My thoughts make no sense to me, but at the same time they make so much sense.

The reason I won't agree to marriage is because this entire relationship has been a lie.

No, it can't be. If Nicole walked away right now, would I chase her? Yes, I would. But would it be for the right reason, or the wrong?

"Harry," Nicole swipes her hand in front of my face, concluding my jumbled thoughts.

"Oh, um, what?"

"Gloria said we don't have to get legally married, if you don't want to.
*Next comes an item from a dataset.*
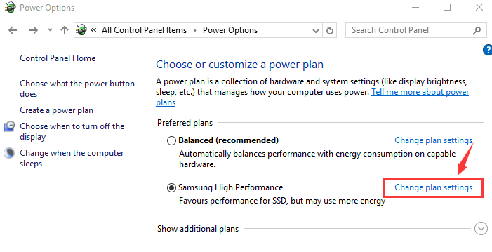 5) Нажмите Изменить настройки плана для того плана, который у вас есть сейчас.
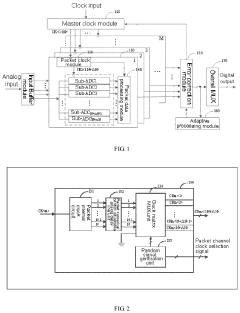 Error correction mechanisms for analog-to-digital conversion in photonic computing systems focus on minimizing quantization errors and signal distortion. These techniques employ specialized algorithms and hardware configurations to improve conversion accuracy between analog optical signals and digital representations. Methods include calibration techniques, adaptive sampling, and compensation circuits that account for non-linearities in the conversion process, ensuring high-fidelity signal processing in hybrid photonic-electronic computing architectures.Expand Specific Solutions03 Photonic neural network error correction

We can have someone act as the priest," Nicole explains. She must sense how extremely nervous I am.

"D- do you want to get married?" I ask. "I'm not proposing, I'm just wondering."

I couldn't possibly propose to her like that, she deserves something much more special. She deserves to be proposed to in the most romantic, creative way possible.

Why do I think of her that way, but at the same time believe that I don't love truly love her?

I make no sense.

"No, of course not yet!" she giggles.

What?

"Then why are you acting so calm?" I ask, laughter falling from my lips as well.

"I'm was freaking out on the inside until Gloria said it doesn't have to be legal," she responds. "I just wanted to see what you thought about it, first."

I feel a huge weight being lifted from my chest, causing me to be able to breathe again. My thoughts were wrong. I really need to stop doubting my love for her. Just because I am not ready for a legal marriage does not mean that I love her any less than I do. It's just too soon right now, and I can't explain how great it feels to know that she feels the same way.